New music round-up (for w/e 15 October 2021)

Our selection of the best new music across a range of genres from the week ending 15 October 2021.

Leftovers, the debut album from Montreal’s Le Ren, stitches together a patchwork of personal songs about different relationships: those we share with mothers, lovers, and friends. Lauren Spear, the artist behind Le Ren, created a physical quilt to mirror the assemblage of stories that comprise her album: a coming-of-age collage that collects over four years of past experiences and finds their present meaning.


For most of her career as one of the most acclaimed improvisers working in jazz’s avant-garde, trumpeter, composer and bandleader Steph Richards worked hard to make sure that her music was considered on its own terms, rather than — as is so often the case in jazz and music as a whole — in the context of her gender. But when she went into the studio to record her upcoming album Zephyr in 2019, Richards was six-and-a-half months pregnant. That literally transformative experience shaped the concise, visceral album both in concept and in practice, forcing the thoughtful, cerebral artist to explore a more immediate connection between her body and her work.


Established! is the new album from RP Boo, his fourth full-length for Planet Mu. In 2013, the label released his debut ‘Legacy’ – an acclaimed album that put RP on the international music map, acknowledging his unique role in the creation of the Chicago-developed art form known as Footwork. It’s been said that RP Boo is to Footwork what Juan Atkins is to Techno. The start; the Soul. On Established! RP looks back to that time when he was inventing Footwork, going out listening to disco and linking with the creators of house such as Paul Johnson.


As a teenager Imogen Cooper studied in Paris from 1961 to 1967 with Jacques Février (who had known Ravel well), Yvonne Lefébure (who had known Alfred Cortot), and Germaine Mounier. She started to wonder about the messages from her teachers she would find on her scores, and about the nature of memory. She was also interested to see if the repertoire she has acquired since she learnt these pieces would change her view, or shed new light on them. Her new highly personal recital, Le Temps Perdu (Lost Time), is an exemplar of Imogen Cooper’s outstanding pianism and musicianship.


Mike Noga’s posthumous album Open Fire is available now. Open Fire was recorded in August 2019 at Sacred Heart Studios in Minnesota with Alan Sparhawk (Low) in the producer’s seat. Open Fire is an apocalyptic, synth-heavy, rock and roll record and follows on from Noga’s critically acclaimed concept album, King. Open Fire was written in Noga’s hometown of Hobart.

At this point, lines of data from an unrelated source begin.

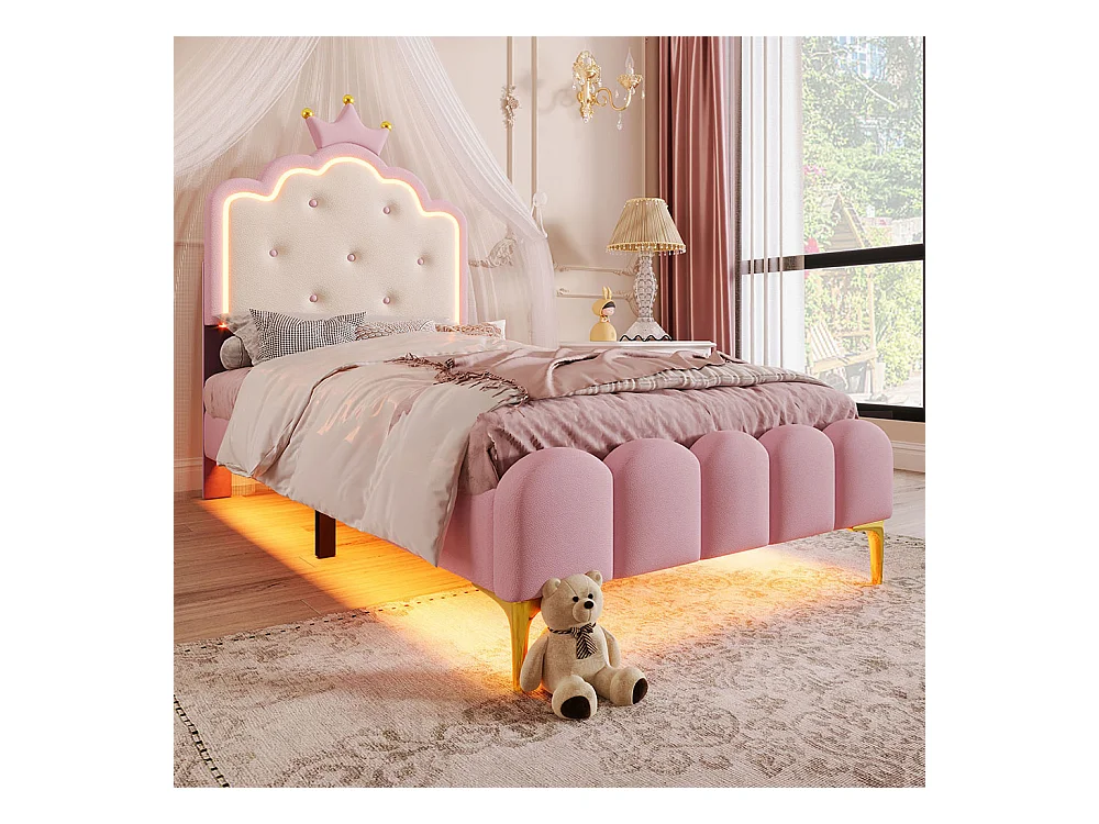 Polsterbett 90 x 200 cm, Stimmungslicht mit Fernbedienung, Krone in Form einer Prinzessin, PU, pink.
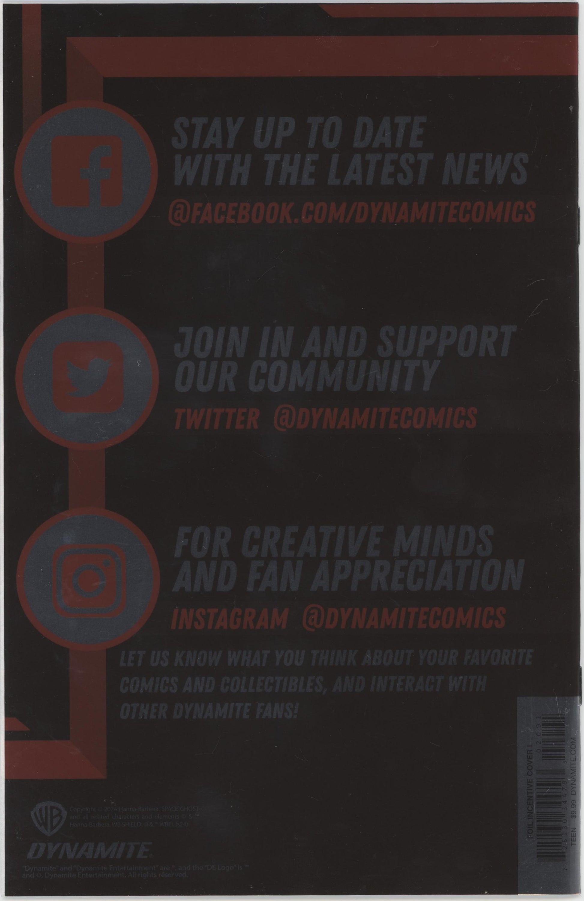 Limited 1 for 10 Retailer Incentive Variant Cover. Written by David Pepose. Art by Jonathan Lau. Cover by June Chung, Jae Lee. ...They call it the Ghost Planet now.' Jan, Jace, Blip and Space Ghost travel to the Ghost Planet, the mysterious headquarters of the even more mysterious Space Ghost. Leaving on an urgent mission, Space Ghost give explicit orders to: STAY. PUT. What could go wrong? Also featuring an unexpected flight of the Phantom Cruiser! Over the next year, everything you know about Space Ghost, his companions and his enemies will be revealed as only Dynamite can! Written by David (Punisher) Pepose and drawn by Dynamite superstar Jonathan Lau, issue #1 features an array of the most incredible artists in the known Galaxy: Bjorn Barends, Francesco Mattina, Jae Lee and Michael Cho! ALL COVERS CARDSTOCK 32 pages, full color. Rated T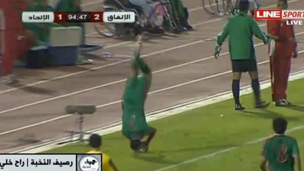 Μπορεί στην Σαουδική Αραβία να μην παίζεται ποδόσφαιρο αξιώσεων, όμως οι παίκτες βρίσκουν διάφορους εντυπωσιακούς τρόπους για να τραβήξουν τα βλέμματα. Ένας από αυτούς είναι ο Αλ Τραϊντί της Αλ Ιτιφάκ, ο οποίος εφαρμόζει την τακτική της… ανάποδης τούμπας πριν την εκτέλεση του πλάγιου. Πρέπει μάλλον να ξεκινάμε κι εμείς πια να εκτελούμε τα πλάγια όπως αυτός ο μεγάλος παίκτης……
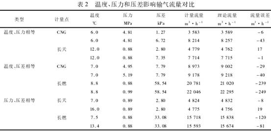 基(ji)于大嶺集(jí)輸氣站的(de)工作經驗(yan),結合輸氣(qi)計量的溫(wēn)度、壓力、壓(yā)差和流量(liang)數據進行(háng)研究。大嶺(lǐng)集輸氣站(zhàn)2010年建成并(bing)投産,設計(ji)輸氣能力(lì)每天254萬方(fāng),氣源來自(zì)八屋氣站(zhàn),2016年供氣用(yong)戶3個,其中(zhōng)高壓部分(fen)經分離器(qi)過濾直接(jiē)供給吉林(lin)銷售CNG大嶺(lǐng)站,另一部(bu)分經分離(lí)器過濾、水(shui)套爐和調(diào)壓撬調壓(yā)後供給長(zhang)燃和長天(tian),夏天最低(dī)日輸氣5萬(wàn)方,冬季最(zuì)高日輸氣(qi)88萬方,全✍️年(nián)外輸天然(ran)氣近🏒2億方(fang),承擔着分(fèn)公司近三(sān)分之一的(de)輸氣任務(wù)。下面以✨CNG、長(zhǎng)天和長燃(rán)供氣用戶(hù)(管道公🈲稱(chēng)直徑分别(bié)爲100、150、200mm)爲例進(jin)行說明✌️。 2.1不(bú)同孔闆結(jié)構對Kn的影(yǐng)響 選取CNG、長(zhang)天和長燃(rán)用戶用氣(qi)穩定時間(jian)段的輸氣(qì)數據進行(hang)分析,以天(tiān)然氣體積(ji)流量Qn爲縱(zong)坐标,溫壓(yā)梯🌈度變化(hua)參數3600′爲橫(héng)坐标,得出(chu)3個用戶計(ji)量設備的(de)Kn'存在差異(yi)(Kn'=Kn/3600),經拟合發(fa)現(圖2、表1),在(zài)不同條件(jian)下,CNG用戶Kn'值(zhi)誤差小于(yu)2%,長天用戶(hù)Kn'值誤差小(xiǎo)于3%,長燃用(yòng)♈戶Kn'值誤差(chà)小于5%,可以(yǐ)明确的是(shi)輸氣壓力(lì)越高流量(liang)波動越小(xiao),Kn'值誤差就(jiù)越小,Kn值誤(wù)差也就越(yue)小。但從誤(wù)差範圍看(kàn),一套标準(zhǔn)計量設備(bei)引起的計(ji)量誤差在(zai)允許範圍(wéi)内。因此,集(jí)輸氣站可(ke)通過計😘算(suan)不同管道(dao)孔闆😘計量(liàng)的Kn,簡化生(shēng)産過程中(zhong)的流量計(jì)算過程,從(cóng)而結合輸(shū)氣任務動(dong)态地做♉好(hao)計量操作(zuo),完成輸氣(qi)任務。 2.2溫度、壓(yā)力和壓差(chà)對輸氣計(ji)量的影響(xiang) 同一計量(liàng)設備常數(shù)Kn一定,對流(liu)量有影響(xiǎng)的有溫度(du)、壓力和壓(ya)差3個參數(shu)。表2列出了(le)同一用戶(hu)計量過程(chéng)中兩個參(cān)數相同另(ling)一個不同(tong)時的流量(liàng)變化,可以(yǐ)看出,當兩(liang)個參數相(xiàng)同時,溫度(dù)變化對流(liú)量的改變(biàn)是有限的(de),而壓力和(he)壓差的波(bo)動對流量(liàng)🧡的影響比(bi)🏃🏻較大。對于(yu)高壓外輸(shu)用戶CNG來說(shuo),進站壓力(li)受氣源供(gòng)氣與站内(nèi)輸氣的雙(shuāng)重影響,波(bo)動較大,但(dàn)它與壓差(chà)🚶共同影響(xiang)着流量,是(shi)高壓外輸(shū)用戶最主(zhu)要的兩個(ge)參數;而對(duì)于調壓外(wai)🤞輸用戶長(zhǎng)天和長燃(ran)來說,由于(yu)有調壓撬(qiào)進行壓力(li)調節,因此(ci)壓力波動(dòng)範圍顯著(zhe)😘變小,這樣(yàng)壓差就成(chéng)爲了反映(ying)流量的最(zui)主要參數(shu)。 3根據壓差(chà)選擇合适(shì)的量程 對(duì)集輸氣站(zhan)來說,除了(le)加強管理(li)和規範操(cāo)作外,結合(he)壓差選擇(ze)好孔闆的(de)量程成爲(wei)提高孔闆(pan)流量計計(jì)量精度的(de)關鍵。在輸(shu)氣過程中(zhong),用戶在不(bu)同時間段(duan)和不✍️同季(ji)節的用氣(qì)需求是變(bian)化的,更換(huàn)孔闆的👈方(fāng)法比較直(zhi)接。但是❗如(ru)果需要經(jīng)常更換,會(hui)因孔闆🏃🏻♂️有(yǒu)限和頻繁(fán)操作而不(bú)現實,并且(qie)更換孔闆(pǎn)的過程🐇就(jiu)會影響計(jì)⭐量精度,這(zhè)時就要考(kao)慮調節計(jì)量量程,具(jù)體方法👄有(you)以下🈲兩種(zhong)。 3.1選取合适(shì)的孔闆量(liàng)程 對于CNG高(gao)壓外輸用(yòng)戶,從表1數(shu)據來看,最(zui)大壓差爲(wèi)22kPa,但在選✂️擇(zé)壓差量程(cheng)時,不能完(wán)全以統計(ji)的最大壓(yā)差爲依據(jù),因爲外輸(shū)壓力的變(biàn)化不受集(ji)輸氣站控(kong)制,需要根(gēn)據具體情(qíng)況進一步(bu)計算,如最(zuì)大瞬時流(liú)量值爲15000m3/h,但(dan)進站壓力(lì)爲1.5、5.4MPa時,最大(dà)壓差分别(bie)爲73、20kPa(實際統(tong)計數據),考(kao)慮到數據(jù)的有限性(xìng),因此最大(dà)壓差量程(chéng)範圍選擇(ze)0~100kPa爲宜。對于(yu)低壓用戶(hu)來說,以長(zhǎng)天爲例,當(dāng)最大瞬時(shí)流量爲15000m3/h,進(jin)站壓力爲(wei)0.7、1.2MPa時,最大壓(yā)差分别爲(wei)36、18kPa(實際統計(jì)數據),最大(dà)壓🔞差量程(chéng)範圍爲0~60kPa即(ji)可滿足;當(dāng)最大瞬時(shi)流量爲23000m3/h,進(jin)站壓⛹🏻♀️力爲(wèi)0.8、1.1MPa時,最大壓(ya)差分别爲(wei)80、52kPa(實🍉際統計(jì)數據),最大(da)壓差量程(chéng)範圍爲0~100kPa即(jí)可滿足。 3.2動(dòng)态調節孔(kong)闆量程範(fan)圍 當集輸(shū)氣站某一(yi)時期輸氣(qi)量減少或(huò)加大,更換(huan)孔闆又不(bú)現實👌時,可(ke)以考慮動(dòng)态調節孔(kǒng)闆量程。 如(ru)長燃用戶(hu),原最大壓(ya)差Δp1設定爲(wei)100kPa,由于用氣(qì)淡季到來(lai)🔴,持續一段(duàn)時間内最(zuì)大流量不(bu)超過18000m3/h,溫度(dù)爲5~12℃、壓力爲(wèi)0.9~1.0MPa,壓差不大(da)于42kPa,爲了計(jì)量準确,将(jiang)最大壓差(cha)調整爲70kPa就(jiù)能滿足要(yào)求❓。同時要(yao)校驗儀表(biǎo),使它符合(hé)JB/T10564-2006[5]的規定,最(zui)大流量Qn1爲(wei)30000m3/h,壓差需🎯降(jiàng)爲70kPa,最大流(liu)量需降爲(wei)25000m3/h。由Δp1/Δp2=(Qn1/Qn2)2(Δp2爲實🛀🏻際(jì)最大壓差(cha))可知最大(dà)壓差降爲(wèi)70kPa時,實際最(zuì)大流

Writing to a friend during the recording process Mike reflected “Sonically and thematically there’s a healthy dose of impending doom about the state of the world running through the songs…I constantly have the Velvet Underground in mind when I’m writing for this album. Pop… but with a weird, dark twist.”


Sydney group North Arm are back with Bring the Daylight, four years since the release of their last album. Primarily based around the sound and vision of Roderick Smith, the Newcastle-raised songwriter, whose early bands included Firekites, spent most school holidays with his large family in the sleepy coastal town of North Arm Cove, with an old guitar becoming a regular addition to these family trips. It was the melodies that slowly emerged from that dusty old guitar that came to define his North Arm sound and the new album. As reflective and analytical as ever, these are songs comprised of miniature details and the personal minutiae of daily self development. They’re introspective but speak to universal themes that resonate even more deeply after the disorientating events of the last 18 months.


James Sullivan is best known as the singer and guitar player of More Kicks, the London-based power-pop trio. But his album Light Years (out now) is not power-pop. The record is a whistle-stop tour of blitzed-out fuzz (‘Totally Bored’), paranoid drum machine twitches (‘Getaway’), stadium-sized reflections (‘In The End’) and lo-fi ’60s pop nuggets (‘It Won’t Do You Harm’).